The relative risk was further muddied by the potential for toxic pulmonary effects associated with all DMARDs. “Essentially, every single medicine that is approved for the treatment of rheumatoid arthritis has been implicated in causing a hypersensitivity pneumonitis, which is basically an allergic-type reaction to the drug that happens within the lungs,” Dr. England says. “It’s just that for RA-ILD, there are a couple medicines out there that people were particularly concerned about.”
On the basis of the limited preliminary evidence, Dr. England and his colleagues initially hypothesized that treatment with non-TNF inhibitors would be more effective and associated with improved survival and fewer respiratory hospitalizations than treatment with TNF inhibitors. Their results to the contrary, however, left him only “modestly” surprised, he says. “The careful design often can lead to a result that is different than what a less stringently defined observational study produces.”
To minimize the potential for bias that often plagues observational studies, the research team used a target trial emulation framework, which Dr. England calls an important advance in pharmaco-epidemiology. “The principle is that when we do an observational study, we should approach it with the rigor and the strategy that we would if we designed this as a clinical trial,” he says.
Among the critical questions are which patient populations should be included in a trial, which participants should receive which therapies and how, and what the best outcome measures would be. The target trial emulation framework then specifies that the same approaches taken for a clinical trial should be applied to observational data. “Ultimately, you can’t pull it off perfectly because in a trial you have randomization: You can flip the coin and give one drug to one person, the other drug to another,” he concedes. Instead, observational studies can use statistical techniques like propensity score-based methods to reduce bias by estimating the probability that a particular participant would have received a particular treatment.

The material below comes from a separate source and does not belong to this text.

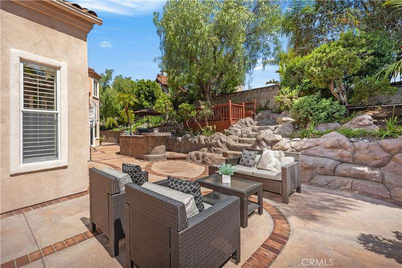 The magic of this home extends to its resort-like backyard, an oasis designed for entertaining & tranquil escapes. A built-in BBQ and ample patio space make hosting a delight, while a charming treehouse area offers peaceful Zen corner. The opposite side of the yard captivates with a waterfall cascading among lush, mature palm trees, a custom fire pit for cozy evenings. This home is replete with desirable features, including elegant plantation shutters, three fireplaces, re-piping, a whole-house water softener, & brand-new garage doors.

Questions of Interpretation
The study results yielded additional questions that will likely require more follow-up to fully resolve, like how to interpret the null results when comparing the two patient groups. “One of the questions is, is it null because for every single person in that study it didn’t matter which drug you gave them?” Dr. England says. Alternatively, a subset of patients in each group may have done better if they had received the other drug, effectively canceling each other out in the statistical analysis.